“Activist Judge” Haters: Citizens United…Against What, Exactly?

- Dude, the Ya-Hoos don’t even know what “activist judge” means. We can do whatever the hell we want!
By now, you’ve heard about the Supreme Court’s totally ballsy ruling last week in Citizens United v. FEC, in which the Court held that corporations are people, money is speech, and therefore limiting corporate contributions to political groups violates First Amendment protections of Free Speech. Some of these principles had been established before Citizens United, but their application here pretty much abolished campaign finance reform. And, really, as much of a stretch as I think this is (especially for a Court that so literally and narrowly reads defendants’ rights in the Fourth, Fifth, and Sixth Amendment), well, I can’t get too mad about the substance of the decision. Look, if liberals want to the Courts to interpret the Constitution in their favor, then win some presidencies and appoint more liberal judges—and quit being such wussies when it comes confirmation time.
The thing that makes me really steam-out-the-ears mad about this decision is the sheer hypocrisy of the Roberts Court’s procedural principals. And make no mistake, one of the first things we learn in law school is that the side that controls procedure wins the substance. Let’s review how Citizens United got to the Court, shall we?
The political activist group Citizens United sought to air Hillary: The Movie, an anti-Clinton “documentary” on video-on-demand cable services. The McCain-Feingold Act bans certain corporate-funded paid television time immediately before elections, and it also requires disclosure of corporate sponsors of election advertizing. Sure enough, Citizens United took a ton of corporate money, meaning that Hillary was banned from cable on-demand. During oral argument for this case last term, Citizens United argued for a narrow interpretation of the law to overturn the ban on Hillary, either by reading the statute not to mean “video on demand” or something along those lines.
During oral argument, the government’s lawyer defending the law, Deputy Solicitor General Malcolm Stewart, royally screwed up by suggesting that the government could regulate the publication of books prior to an election. (For the record, Alito nailed him with this hypothetical, but Stewart could have easily deflected the question by using the Court’s distinction between political speech and commercial speech.) This led the Court to postpone ruling on Citizens United to hear briefs on a question not even raised by the lawyers—whether to declare corporate funding of political advocacy groups who advocate for candidates as protected speech under the First Amendment, and thus could not be banned or even limited. These questions had already been decided—even as recently as 2003.
So, to sum up, here’s what the Court did: Overturned a century’s worth of legal precedents on free speech, declared unconstitutional a bipartisan congressionally-passed law, stretched the text of the Constitution to declare money to equal “speech” and corporations to equal “we the people”—and in getting to the that ruling, answered Constitutional questions it didn’t need to answer, answered far more broadly than it needed to decide the case, and had the case re-heard because even the lawyers themselves didn’t think the Court would consider doing what it did.
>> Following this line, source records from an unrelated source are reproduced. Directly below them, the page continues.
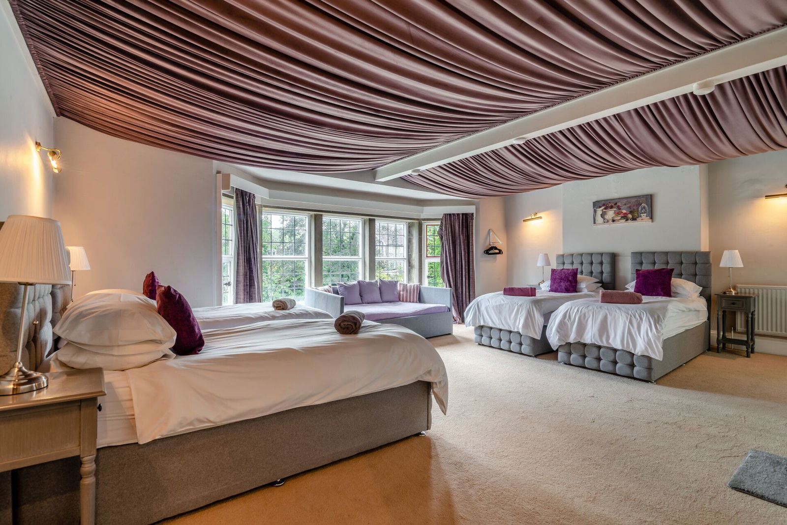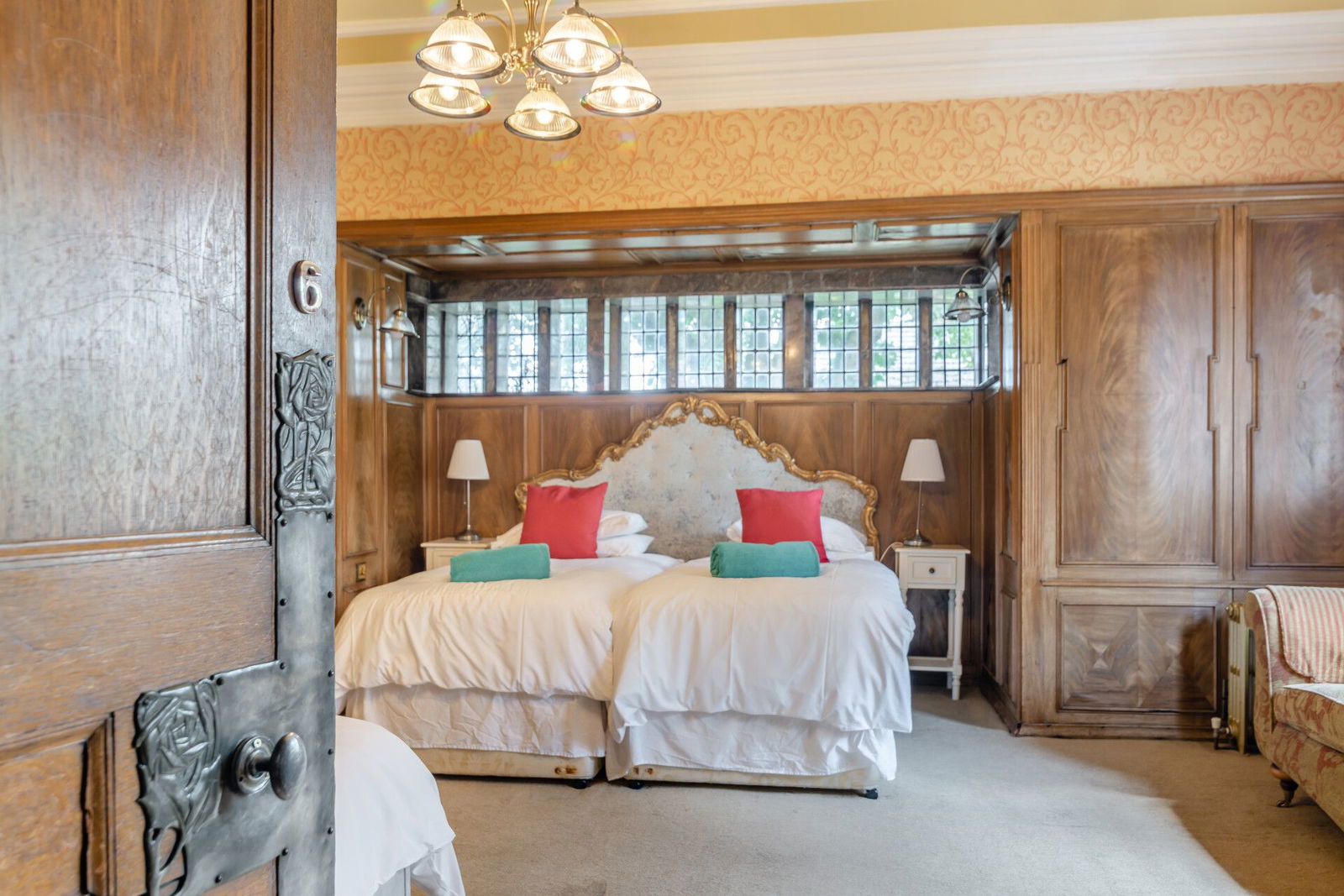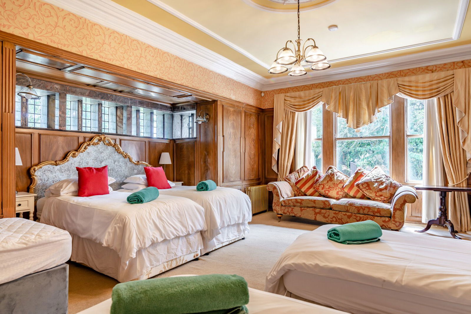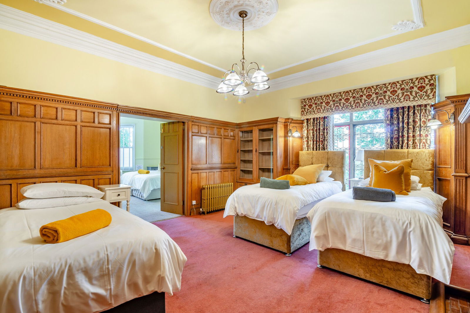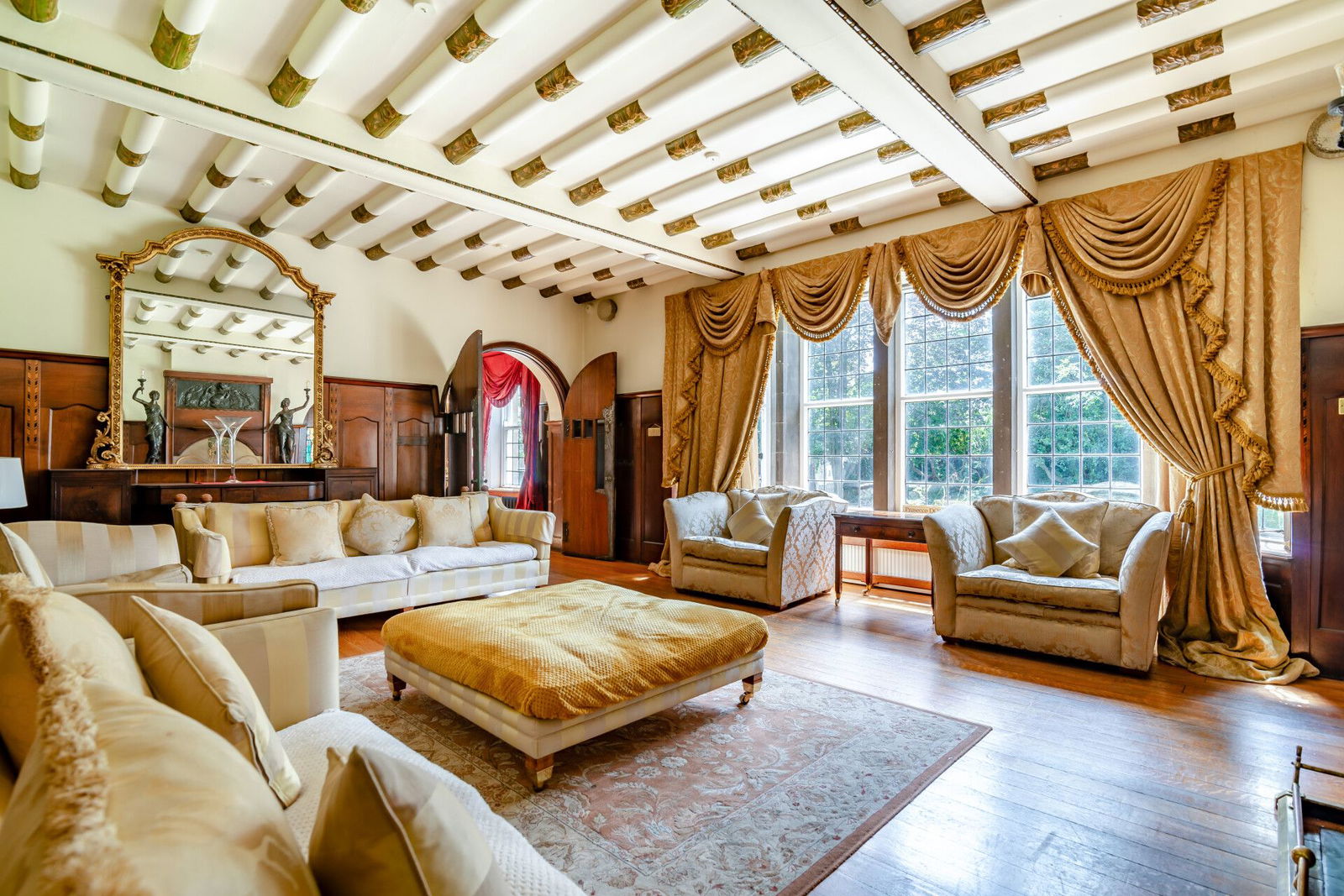 A generous landing gives access to five double bedrooms, all serviced by en-suite bathrooms; the principal bedroom offers exceptional proportions, positioned to the front of the home with a huge walk-in Bay window set to stone mullioned surrounds, commanding a stunning view over the gardens, has a walk-in dressing room, en-suite accommodation that incorporates a low flush W.C, a freestanding roll top bath, a shower and a pedestal wash hand basin, has window to the side, oak floorboards, wood panelling to the walls and a large mirror.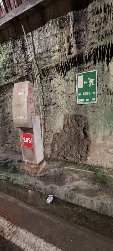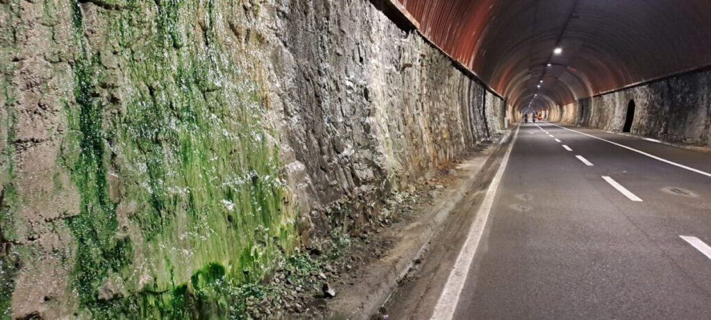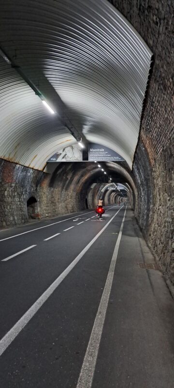 Der letzte Tunnel der Trasse ist 1750 m lang. An der Decke hängen in ca. 100 m Abständen Infotafeln mit Fakten zum Radsport, hauptsächlich zum Giro Italia. Angenehm kühl ist es hier im Berg.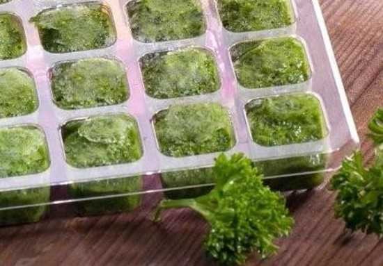 Заморозить зелень в кубиках. Для этого берем платформу для замораживания льда складываем в формочки мелко нарезанную зелень заливаем водой и готово.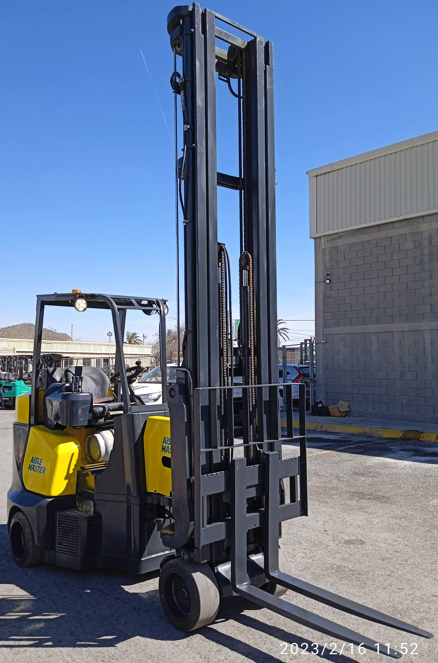 **ASIS** Montacargas articulado para aplicación de espacios reducidos, marca AISLE-MASTER, Motor a GAS LP, Mástil replegado: 3.3 mts, altura máxima de estiva 8.5 mts , Horquillas de 42 pulgadas, capacidad máxima de 2,000 kg.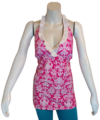 Pink Tapestry Ruffle Wrap Swim Top 80% Nylon, 20% Spandex
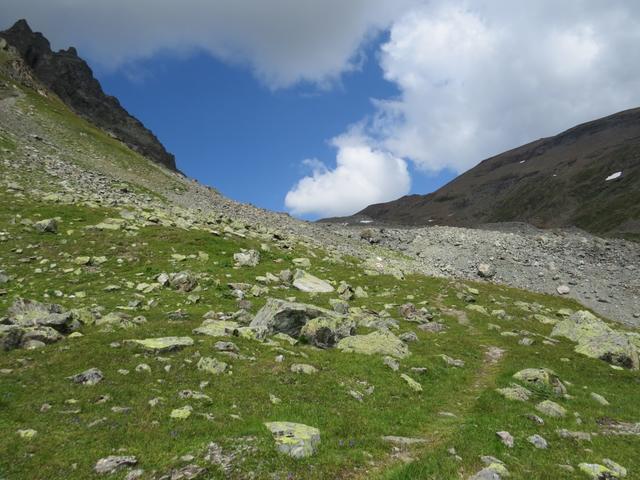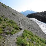 der Bergweg schlängelt sich durch diese Moränenlandschaft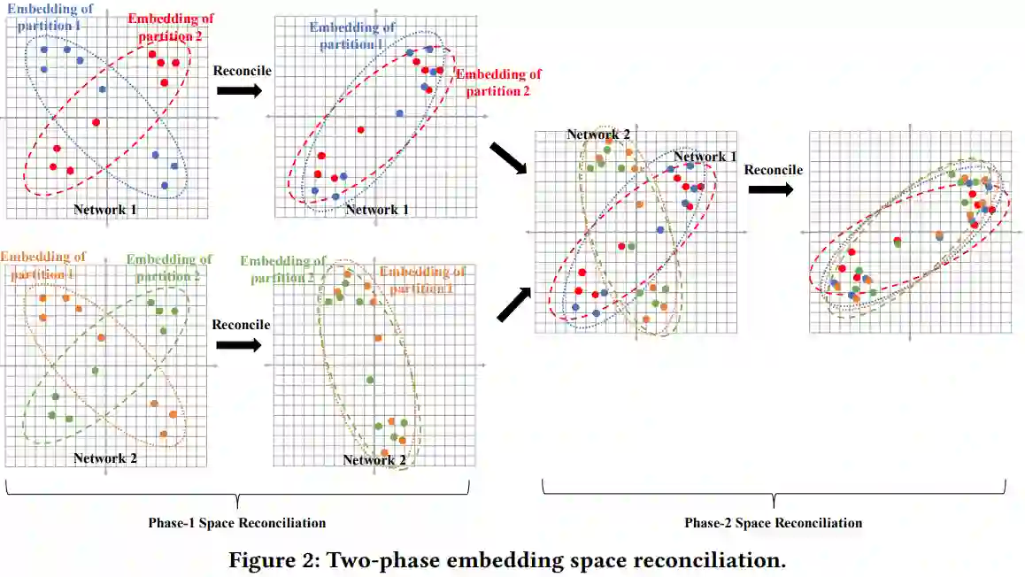 然而,这仍然是一项具有挑战性的任务,因为社交网络是大规模的,有数百万个节点和数十亿个边。传统的集中训练方法由于计算量大,无法适应这样大的网络。为了使MGCN适应于大规模社交网络,提高其可扩展性和效率,我们提出了一种新的训练方法,该方法首先将大规模社交网络分割成簇,然后以完全分散的方式学习网络嵌入。为了对齐不同簇的学习嵌入空间,我们提出了一种新的两相空间协调机制。在第一阶段,我们对齐从同一网络内的每个簇中学习到的嵌入空间。除了不同子网之间的排列在同一网络,推导空间和解对齐两个不同网络通过少量的观测锚节点,这使得我们的MGCN框架实现更精确的锚点链接比最先进的模型和预测效率高在大型社交网络。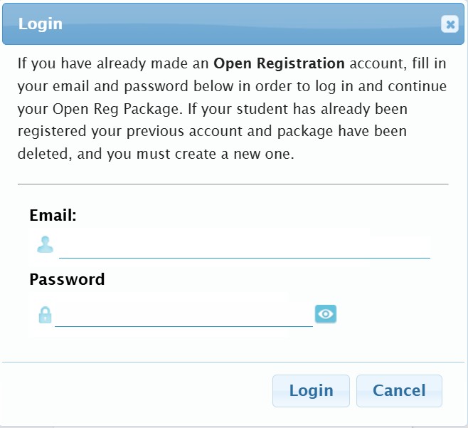 Once a parent has a username and password, they will be able to enter them into the Open Reg login page to continue with their existing Open Reg package.

In other words, you want ACTIVIST JUDGING? That’s activist judging if ever an activist judge judged. So, for all you I HATE ACTIVIST JUDGES haters in the house, you have to ask yourself: Do you really hate “activist judges,” or do you just hate judges that rule in ways that don’t comport with your political views? And if you still say you hate activist judges, then I patiently await your condemnation of the wholly radicalized Roberts Court. It’s that, or you’re a raging hypocrite and all the talk about “Judicial Restraint” and “Judicial Deference” and “Constitutional Avoidance” was just a bunch of hot air and your jurisprudential theories are just as compromised by politics as those you criticize.
The Federalist Society types will no doubt argue that this judgment was necessary to expand Free Speech, and we can deal with the odd fact that conservative justices have worked to limit the freedom of speech for living, breathing human beings while expanding it for legal fictions. That’s fine—there’s contradictions in every ideology, and sometimes you have to reconcile them after-the-fact. But what gets me is that this is the same kind of Warren Court-ish behavior that conservatives have rightly decried as intellectually dishonest, thus completely undermining their whole rationale for, you know, hating on Sonia Sotomayor.